Git'ans Git'anee Haida weaver

Lisa Telford (born in Ketchikan, Alaska) is a Git'ans Git'anee Haida weaver who creates contemporary garments, shoes and other objects using Northwest Coast style weaving techniques. Her work serves as a commentary on Native identity, stereotypes and fashion.

Her baskets may be seen in the collections of The Oregon Historical Society, Hallie Ford Museum of Art, the Smithsonian National Museum of the American Indian, the Heard Museum, the Portland Art Museum, the Burke Museum and at Stonington Gallery.

== Training ==
Telford comes from a long line of weavers including her grandmother, mother, aunt and cousins. Despite her Indiana upbringing, she grew up connected to her culture, visiting Alaska for traditional gatherings and potlatches and participating in traditional dance.
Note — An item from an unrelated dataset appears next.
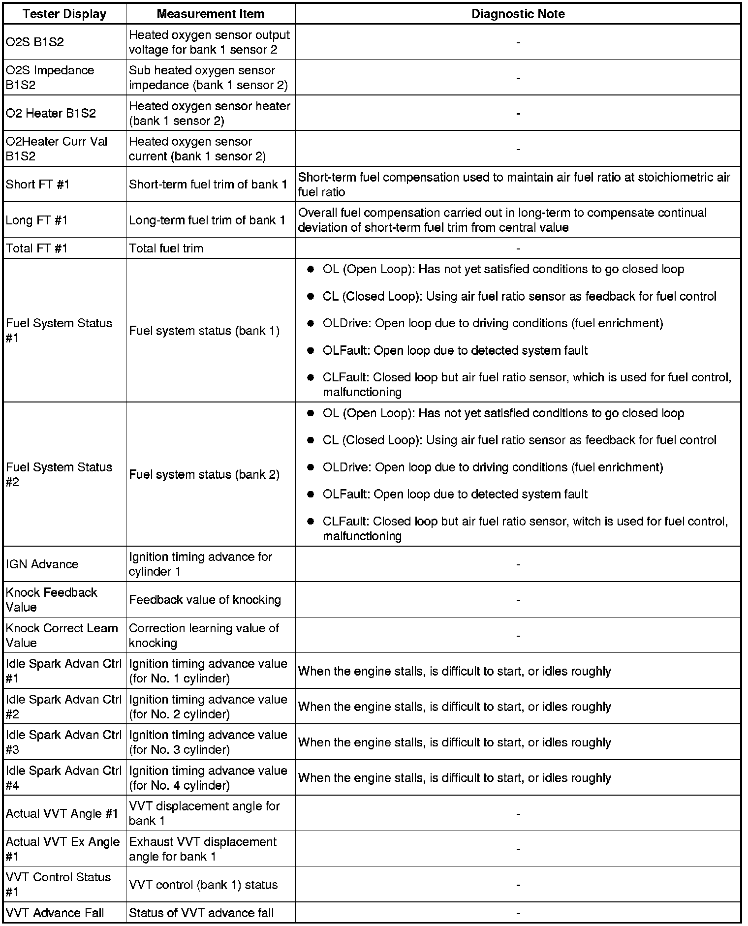 * The ECM records vehicle and driving condition information as freeze frame data the moment a DTC is stored. When troubleshooting, freeze frame data can be helpful in determining whether the vehicle was moving or stationary, whether the engine was warmed up or not, whether the air fuel ratio was lean or rich, as well as other data recorded at the time of a malfunction.
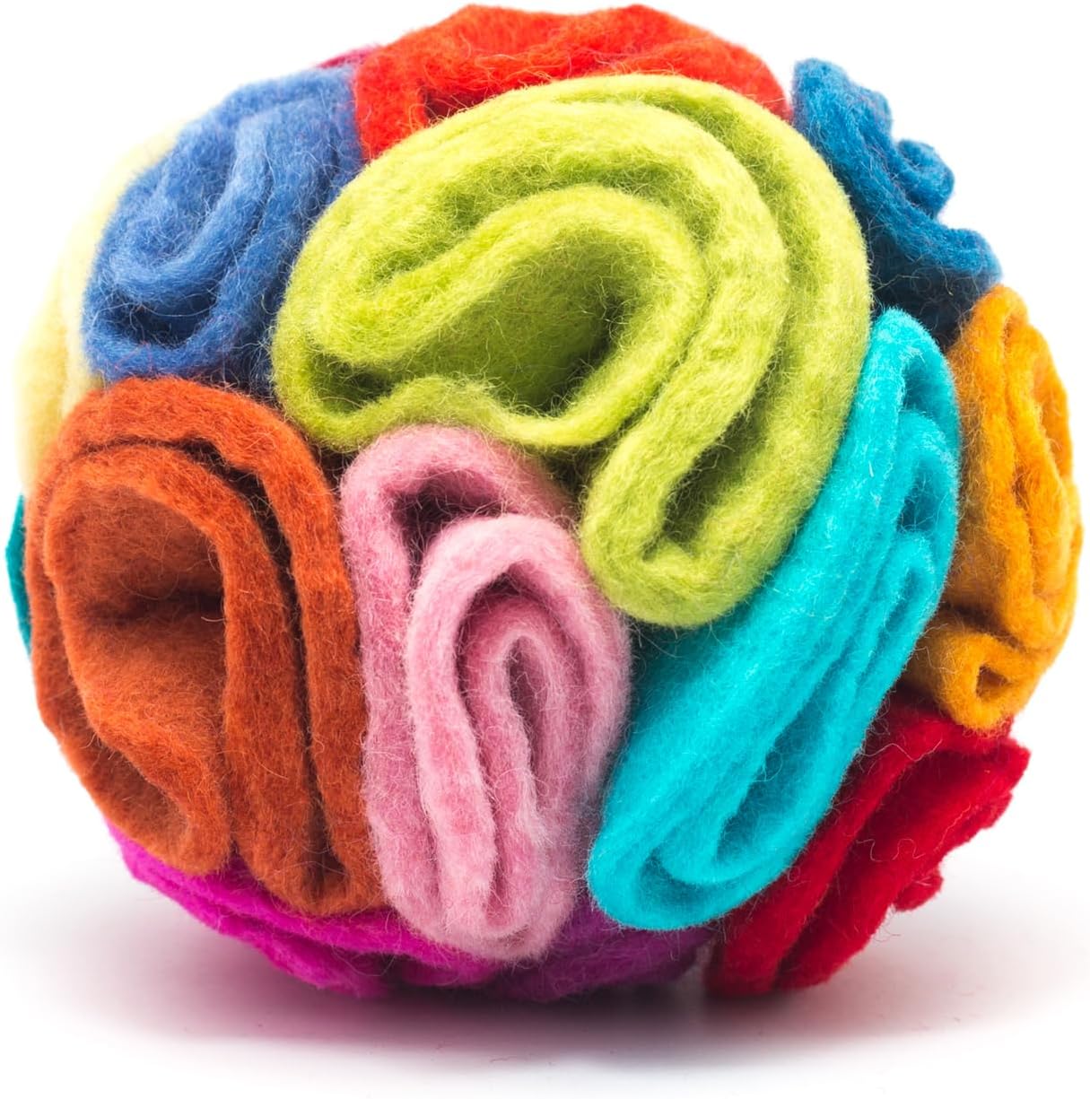 DURABLE & HANDCRAFTED QUALITY: Our dog treat puzzle ball is made in Nepal from 100% natural wool with boiled, densely felted sheets and double-stitched seams for added strength. AZO-free dyes ensure a safe and non-toxic play experience for your furry companion.

For 16 years Telford worked as a carpenter. In 1996, she took a position as a job developer with a nonprofit organization called ANEW — Apprenticeship and Nontraditional Employment for Women and Men.

At the age of 35, she began learning to weave traditional Haida baskets from her aunt, Delores Churchill, and traditional cedar garments from her cousin, Holly Churchill.

== Creative process ==
Telford stuck strictly to the tradition of form follows function until 2004 when she went into contemporary cedar clothing, cedar shoes, cowboy boots and neckties.

Telford tells of her work:

I harvest and prepare my own material, using red & yellow cedar bark and spruce root in my work. Harvesting cedar bark takes me hundreds of miles from home and many hours of preparation time. Materials are prepared differently depending on the final product. The bark is traditionally stored for one year and then further processing is required before weaving may start.

After that, baskets can take Telford five to 200 hours to make.

As a young weaver she once sat down and counted every stitch on one of her grandmother's old baskets. "At first my basketry had to be perfect, and then I let it all go and that's when I found true joy". The artist compares making baskets to therapy, saying it helps her relax from the stresses of life. She also called basketry her thread to sanity.

== Collaborations ==

In 2011, Telford worked with glass artist Preston Singletary on an exhibition of women's forms in glass.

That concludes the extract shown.